What is expected:
Please repeat the records exactly, keeping the pictures out.
══════════
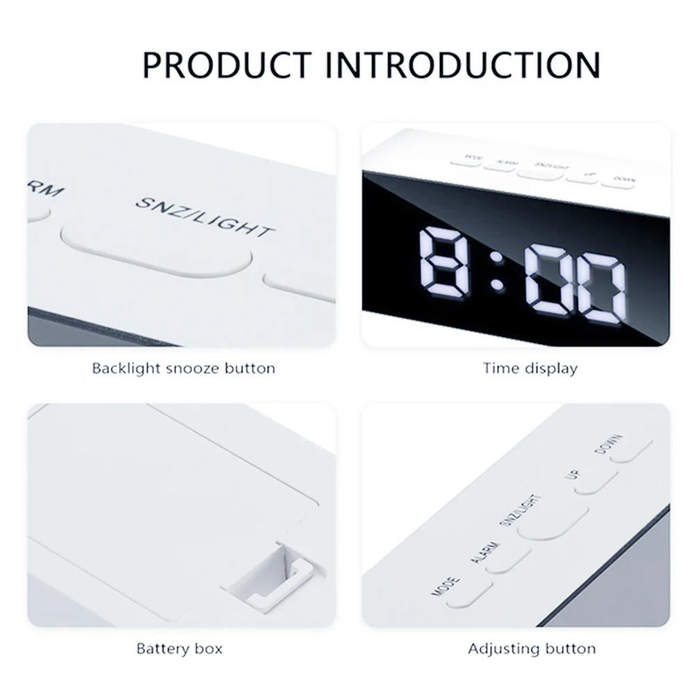 Будильник с зеркалом со стильным внешним видом можно использовать как зеркало, идеально подходит для домашнего декора и ежедневного использования.
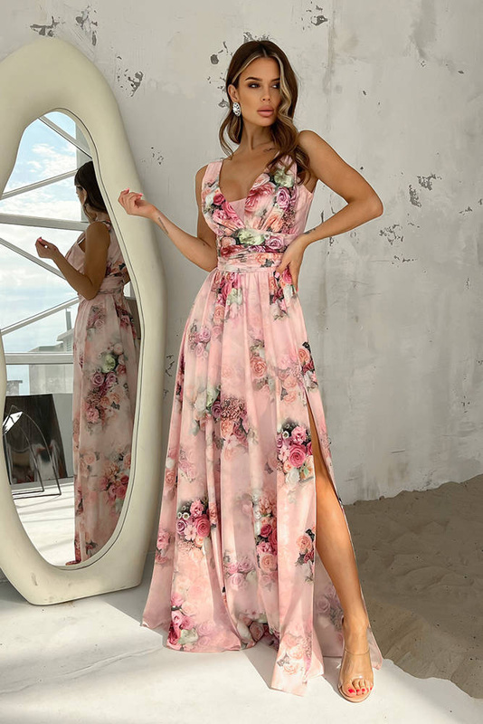 Elegancka MXI SUKIENKA W KWIATY - różowy kwiaty
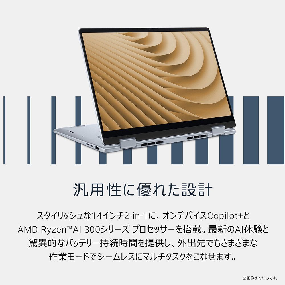 スタイリッシュな14インチ2-in-1に、オンデバイスCopilot+とAMD Ryzen AI 300シリーズ プロセッサーを搭載。最新のAI体験と驚異的なバッテリー持続時間を提供し、外出先でもさまざまな作業モードでシームレスにマルチタスクをこなせます。
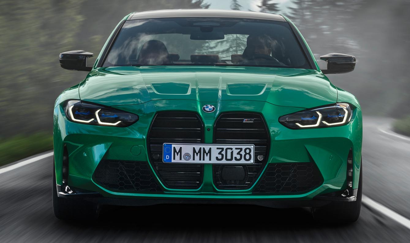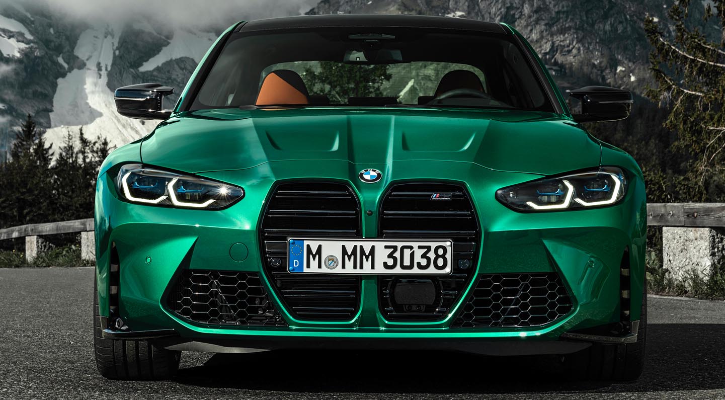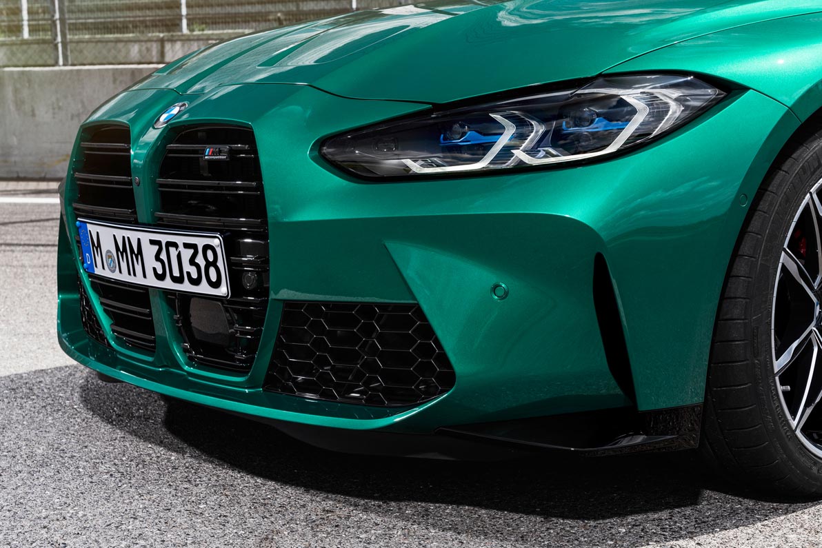 The BMW M models cut a distinctive and immediately recognisable figure from any angle. The front-end design of the new BMW M3 Sedan displays a particularly high degree of differentiation. Like the new BMW M4 Coupé, it has a large, vertically arranged and extremely deep BMW kidney grille – a visually powerful reference to the significant cooling air requirement of the engine behind the scenes. The BMW kidney grille is frameless and all-black. On both models, the hallmark M double bars – now horizontally arranged – bear a model badge. Optimised cooling for the engine and brakes is provided by large additional intakes on either side of the kidney grille. These two-section apertures – brake air ducts on the inside, air supply for the remote coolant radiators to the outside – have honeycomb mesh covers as standard. At the outer edges of the front apron, the vertical intakes for the Air Curtains with integrated, aerodynamically effective “flics” accentuate the width of the car.
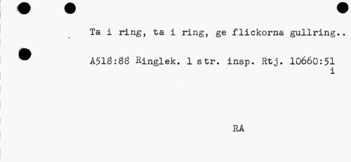 //// Ta i ring, ta i ring, ge flickorna gullring.. //// ® A516:ÖÖ Ringlek. 1 str. insp. Rtj. 10660:51 //// x //// RA ////
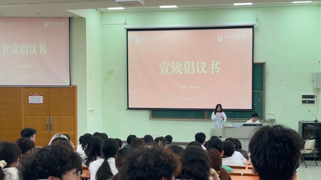 在议程推进过程中,蔡舒老师宣读了广州华商学院创意与设计学院关于学生文明养成的倡议书。这份倡议书深入贯彻习近平新时代中国特色社会主义思想,围绕落实立德树人的根本任务,助力构建“三全育人、五育并举”的育人格局而制定。学院依据这一理念,拟定了详细的工作方案,旨在引导学生养成文明遵章、礼让守法、明理诚信的良好习惯,共同打造和谐美丽的校园环境。
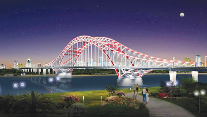長淮衛(wèi)公路橋及接線工程全長14.1公里。整個工程除長淮衛(wèi)公路橋外,還包括兩座下穿鐵路立交橋和兩座小型橋梁,工程概算總投資約18億元。據(jù)介紹,長淮衛(wèi)公路橋總長4266米,南起龍子湖區(qū)長淮衛(wèi)鎮(zhèn),北接淮上區(qū)吳小街鎮(zhèn)。大橋主橋長360米,寬42.5米,為雙向八車道;引橋部分略窄,寬41.5米。長淮衛(wèi)橋采用桁架拱橋橋型,主體為鋼結(jié)構(gòu),遠(yuǎn)望如飛龍橫跨淮河,氣勢宏偉。我市現(xiàn)有的三座淮河公路橋分別是斜拉橋、梁式橋和懸索橋,如今再添桁架拱橋,一橋一景,仿佛橋梁博物館。
══════════
Reply to the exercise:
 Будильник с зеркалом со стильным внешним видом можно использовать как зеркало, идеально подходит для домашнего декора и ежедневного использования.
 Elegancka MXI SUKIENKA W KWIATY - różowy kwiaty
 スタイリッシュな14インチ2-in-1に、オンデバイスCopilot+とAMD Ryzen AI 300シリーズ プロセッサーを搭載。最新のAI体験と驚異的なバッテリー持続時間を提供し、外出先でもさまざまな作業モードでシームレスにマルチタスクをこなせます。
 The BMW M models cut a distinctive and immediately recognisable figure from any angle. The front-end design of the new BMW M3 Sedan displays a particularly high degree of differentiation. Like the new BMW M4 Coupé, it has a large, vertically arranged and extremely deep BMW kidney grille – a visually powerful reference to the significant cooling air requirement of the engine behind the scenes. The BMW kidney grille is frameless and all-black. On both models, the hallmark M double bars – now horizontally arranged – bear a model badge. Optimised cooling for the engine and brakes is provided by large additional intakes on either side of the kidney grille. These two-section apertures – brake air ducts on the inside, air supply for the remote coolant radiators to the outside – have honeycomb mesh covers as standard. At the outer edges of the front apron, the vertical intakes for the Air Curtains with integrated, aerodynamically effective “flics” accentuate the width of the car.
 //// Ta i ring, ta i ring, ge flickorna gullring.. //// ® A516:ÖÖ Ringlek. 1 str. insp. Rtj. 10660:51 //// x //// RA ////
 在议程推进过程中,蔡舒老师宣读了广州华商学院创意与设计学院关于学生文明养成的倡议书。这份倡议书深入贯彻习近平新时代中国特色社会主义思想,围绕落实立德树人的根本任务,助力构建“三全育人、五育并举”的育人格局而制定。学院依据这一理念,拟定了详细的工作方案,旨在引导学生养成文明遵章、礼让守法、明理诚信的良好习惯,共同打造和谐美丽的校园环境。
長淮衛(wèi)公路橋及接線工程全長14.1公里。整個工程除長淮衛(wèi)公路橋外,還包括兩座下穿鐵路立交橋和兩座小型橋梁,工程概算總投資約18億元。據(jù)介紹,長淮衛(wèi)公路橋總長4266米,南起龍子湖區(qū)長淮衛(wèi)鎮(zhèn),北接淮上區(qū)吳小街鎮(zhèn)。大橋主橋長360米,寬42.5米,為雙向八車道;引橋部分略窄,寬41.5米。長淮衛(wèi)橋采用桁架拱橋橋型,主體為鋼結(jié)構(gòu),遠(yuǎn)望如飛龍橫跨淮河,氣勢宏偉。我市現(xiàn)有的三座淮河公路橋分別是斜拉橋、梁式橋和懸索橋,如今再添桁架拱橋,一橋一景,仿佛橋梁博物館。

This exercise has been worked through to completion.